Scientists at Memorial Sloan Kettering are learning how to modify the structure of cancer-fighting CAR T cells to boost their performance.
Chimeric antigen receptor (CAR) T cells are genetically engineered human immune cells that are designed to fight cancer. They have shown great promise in treating people with deadly forms of leukemia and lymphoma. Despite this early success, scientists are actively trying to improve the safety and efficacy of these powerful cancer killers.
Researchers at Memorial Sloan Kettering led by immunologist Michel Sadelain reported on December 17 in the journal Nature Medicine that they have found a way to tweak the current CAR model to improve its performance.
The CAR designs in use today all share a common structure: a region on the outside of the cell that resembles an antibody and an inner region that borrows parts from T cell receptors. To this basic chassis, scientists add one of two different immune gas pedals, CD28 or 41BB, to make what are termed second-generation CARs. When infused into the body, these cells grow and divide as they seek out and fight cancer.
Like natural T cells, CAR T cells must navigate a path between a memory mode and an attack mode — between mounting a full-on assault and sticking around to fight another day. By comparing existing CARs on the clinical racetrack, it’s become clear that CD28 CARs tend to be quicker killers, but they peter out faster than the sluggish yet enduring 41BB CARs.
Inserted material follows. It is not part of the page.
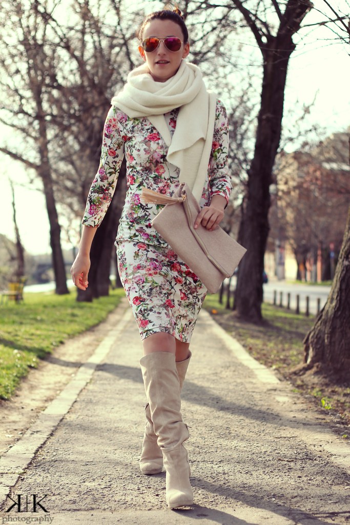 Fusta cu imprimeu floral este realizată din bumbac satinat.

In their new paper, Dr. Sadelain’s team reports that the persistence of CD28-based CARs can be improved by tweaking the inner domain, specifically a part called CD3zeta. This is the region that initiates the signal to the T cell, in effect telling it to attack. Within CD3zeta, amino acid sequences called ITAMs serve as amplifiers, tuning the intensity of the signal.
Using a mouse model of leukemia, the scientists found that the number of ITAMs present in a CAR played a big part in shaping which path the cell took.
“Current CAR designs come with three ITAMs,” Dr. Sadelain says. “We found that by varying the number of working ITAMs, we could increase the longevity of the CAR T cells without compromising their tumor-killing power.”
Judith Feucht, a postdoctoral fellow in the lab and one of the paper’s first authors, adds, “We hope that the novel CAR designs with their enhanced therapeutic profiles will not only further increase response rates in people with leukemia but also improve CAR therapy against other cancers.”
The refurbished CARs will soon be tested in clinical trials at MSK.